The virtues of taking a break
I spent this past summer living in my tent. This may sound odd, but everyone who knows me knows this is a regular occurrence. When school is out, I head to B.C. and spend a significant part of my time off working in the bush. I have spent two summers tree planting in Northern B.C. This year I was fruit picking and working on farms in the Okanagan Valley and the Kootenays, filling in for the large labour gap that has arisen due to COVID-19 border restrictions and the inability for the migrant workers who usually work the orchards to enter Canada for the season, while also being on call as a wildland firefighter.
This type of work is by no stretch an easy summer break. It is hard work with long and unpleasant hours, limited facilities and often little access to the outside world. So why do I do it? Bush jobs pay very well if you work hard, and I am able to finance my studies during the academic year, but mainly I do it because I love the lifestyle and I love the people. The types of individuals you meet while doing work that requires you to be disciplined and physically able range from fellow students to middle-aged folks who have lived their entire lives in the bush. In camp life, where the people you are stuck with are your closest circle, friendships forge at lightspeed rates and the intenseness of such social connectedness is incomparable to ‘the real world.’ It is intense in all ways: you work hard, you play hard, you throw yourself into a bright and wonderful whirl of constant exhilaration. The lack of internet or cell reception lets you plough through books before bed and hang out uninterrupted by the fire and simply switch off the from the outside world.
That, I guess, is the main reason why I do it. I get out. I switch off. I entirely remove myself from the academic world of competition and constantly proving oneself. I don’t get an internship which I hope will bring me higher up the career ladder or work a job that looks good in hopes of getting into grad school. Does it advance my journey along a traditional career path? Perhaps not, but that’s why I throw myself into the academic world that I love for the remaining eight months of the year. What I do with my summers may not seem useful at face value, and it is certainly not relaxing or restful, but it is a true break. I don’t know what other people’s outlets are. Maybe you hate camping and being dirty, and that’s perfectly fine too — but it is important to figure out what it is that brings you peace, and to take the time to simply exist. Find what it is for you, especially now in a period of online school and isolation and just general confusion. Make it a priority. Work on your own wellbeing.

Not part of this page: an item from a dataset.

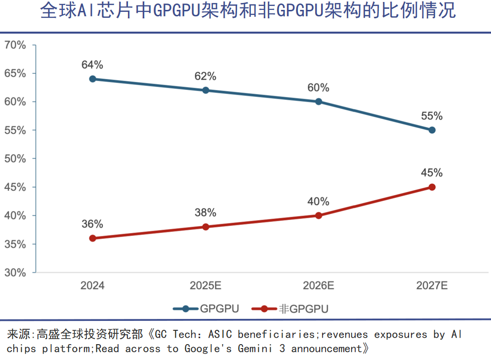 谷歌在 Gemini3 大模型就采用自研的 TPU 训练完成,打破了英伟达的垄断,而亚马逊、META 和微软等均在自研非 GPGPU 架构芯片。高盛就预计未来非 GPGPU 的占比将逐步抬升,这也是当前英伟达股价承压的一大原因。
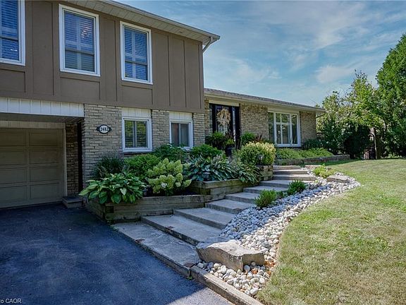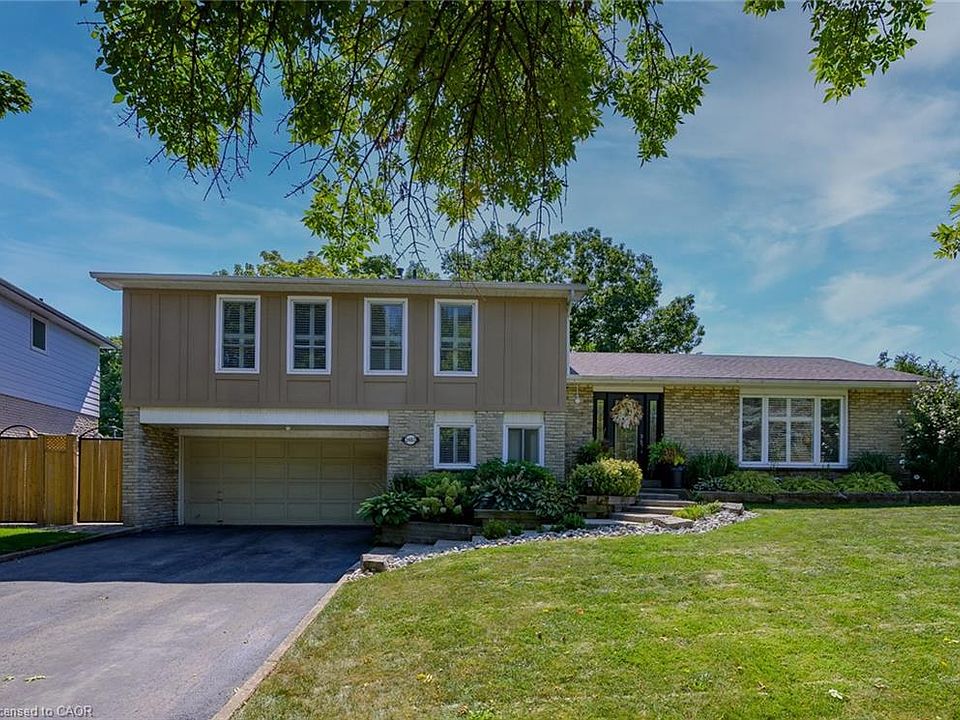 West Oakville Charm with Modern Updates on a Spacious Pie-Shaped Lot. Nestled in the highly desirable neighborhood of West Oakville, this beautifully updated detached 4 level sidesplit offers both style and function. The home boasts undeniable curb appeal with its lush, manicured landscaping leading up to the welcoming front door. Inside, hardwood floors span the main level, which features a bright and airy living room with a large front window that fills the space with natural light. The open-plan design flows seamlessly into the dining area and the modern kitchen, which showcases stainless steel appliances, a gas stove top, wall oven, and butcher block countertops. Pristine white cabinetry and a peninsula with seating overlook the cozy family room, perfect for gatherings and entertaining. On the second level, the primary bedroom offers dual closets and a private ensuite bath, providing a serene retreat. Three additional generously sized bedrooms and a full bathroom complete this level. The ground level offers an inviting family room with a charming brick-surround gas fireplace and sliding glass doors that lead to your very own backyard oasis. This outdoor space is an entertainers dream, with a large, partially covered patio, a cabana, and a separate deck leading to an above-ground pool, all within a private, fenced yard. Inside, the ground level is completed by a convenient mudroom and powder room, adding to the home's practicality. A finished basement offers even more living space, with a recreation room and bar area, perfect for game nights or additional family space. Located just steps away from schools, scenic parks, and nature trails, this home also provides easy access to highways, and is within walking distance of the lake. This property offers the perfect blend of suburban tranquility and modern convenience.

At some point, once the nights start getting colder, I return. This summer, with fellow Munk One alumna Zoë Johnson (’19), we wound through the diverse and varied Canadian landscape in my tiny car all the way back to Toronto. We settle back into what we perceive as ‘real-life’: ready to work hard and panic before deadlines, and cram assignments when everything seems terribly overwhelming. But it all seems much less insurmountable when you take periods of rest. What this summer and every summer has shown me is that I can exist with the knowledge that I have the capacity to care about the academic world and work towards my goals, but that I am also a person outside of that. That I will sometimes seek adventure and work a job no one in the city has ever even thought of. To get out and disconnect from the façade and to let myself go. Especially as excellent and driven students, I think it is important to remember that there is always this option. To take you where your heart directs you and to just live on the wild side for a bit. You are so smart, you have done so much, you have so much potential. Remember to take a break and just be a kid every now and again.